The war to defeat Dracula has once again commenced. This is Operation Dracula.

Developer: Crescent Moon Games

Price: $2.99

Bullet Hell Is Back

Hailing the glory days of Arcade shoot ’em ups, Operation Dracula can best be described as an SNK shoot em’ up meets Capcom’s Street Fighter. While that may sound like a bizarre hybridization, it works quite well.



The game looks AMAZING! I say this with the utmost conviction. The game just looks phenomenal. The graphics are sharp, crisp, vibrant, and colorful. The game’s art is fantastic! From the mechanical designs of the ships and robots, to the backdrops you fly over, Operation Dracula’s art direction oozes quality and provides a faithful representation of what the greats like SNK and Capcom were distributing in arcades all throughout the 80’s and 90s. Although arcades may have died here in the West, it’s refreshing to know that the very genres that kept us there are being refreshed in the mobile realm.

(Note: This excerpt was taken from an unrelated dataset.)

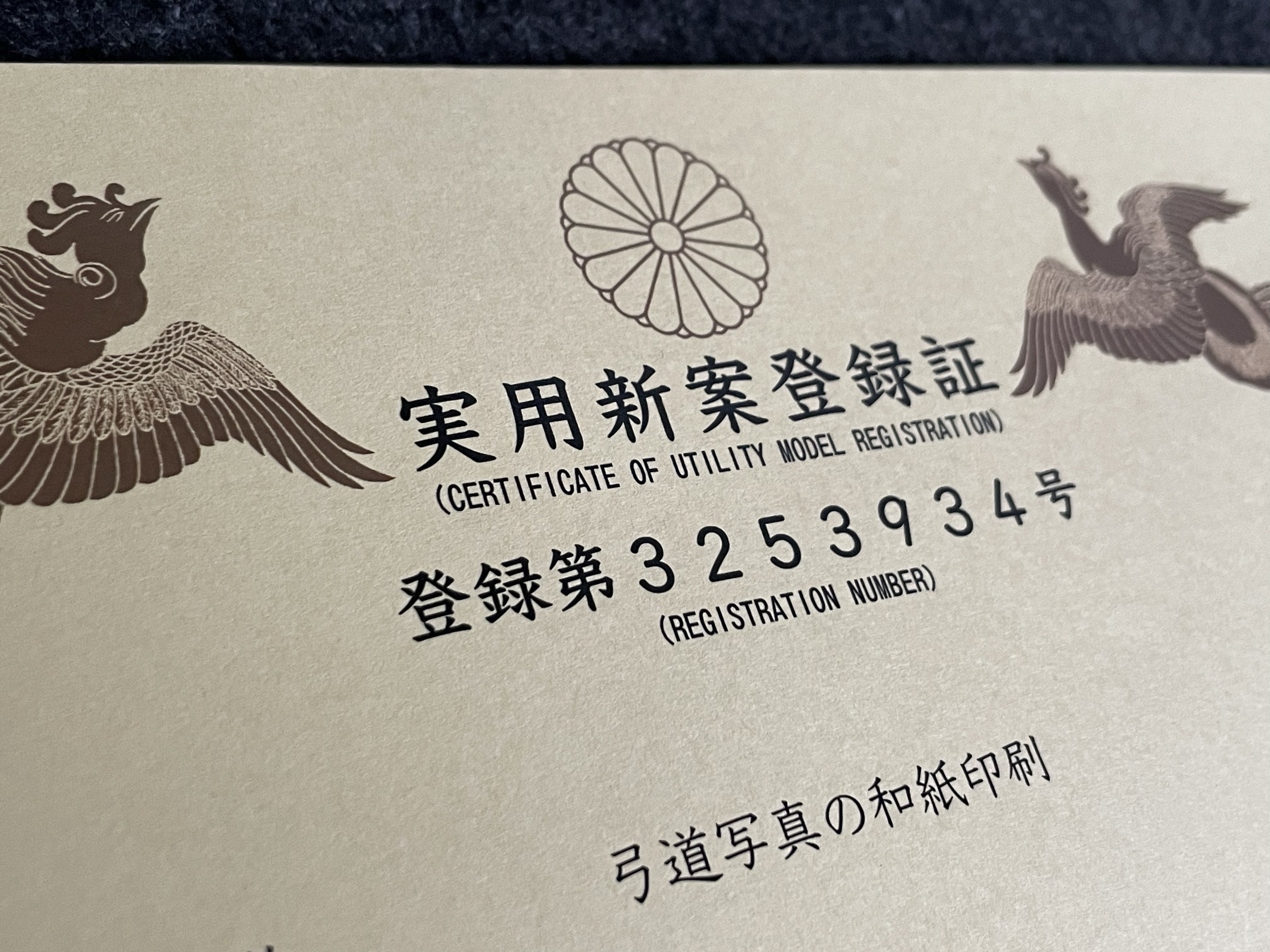 ここからは、本クラウドファンディングの目的とは別件の“制作活動の近況報告”です。以前から私個人の制作として取り組んでいた「弓道写真の和紙印刷」について、このたび 登録実用新案 第3253934号として登録されました。

Do you remember when I said earlier that Operation Dracula is part Street Fighter hybrid? The game’s sound design is why I made that claim; specifically, the narrator’s voice. From the moment I heard the voice utter the words “Operation Dracula” at the game’s main menu, I was immediately transported back to an arcade somewhere, hearing that same voice emanating from a Street Fighter arcade machine. As a matter of fact, if you’ve ever played Street Fighter Alpha 3, it’s the exact same voice. While I cannot verify whether it’s the same voice actor in both games, I can tell you that the voices sound identical, and it’s a wonderful thing.

With the mix of the narrator’s voice, the sounds of explosions, laser cannons firing, alarms going off, and more explosions, Operation Dracula’s sound does a great job of supplementing (and complementing) the game’s already visual chaos. With your blood pressure already on the rise, the game’s soundtrack pushes you even further over the edge with music that I would describe as “classic arcade music meets heavy metal.”


All of these elements work incredibly well together and help create a tapestry of sheer brutality (from a difficulty standpoint) that I think was very intentional on Samurai Games’ part; which leads me to the next topic:


Brutal. There is no other way to describe Operation Dracula’s difficulty. The game has two modes: Normal Mode, Easy Mode. I would rename these modes to: Blood Boil Mode, Cardiac Arrest Mode. I found myself relegated to Easy Mode, and I still was slaughtered over, and over, and over again. I hope you like Game Over screens because you’re going to be seeing this game’s Game Over screen a lot.

Despite it’s difficulty, Operation Dracula’s controls are solid, responsive, and tight. You control your ship by simply moving it with your finger. The game automatically fires the ship’s main weapons for you. To the bottom right of your screen you will find an icon for your bombs and you can also perform a unique, special attack with your ship, by double tapping the screen. Each character has its own unique bomb and special ability, and each have their strengths and weaknesses.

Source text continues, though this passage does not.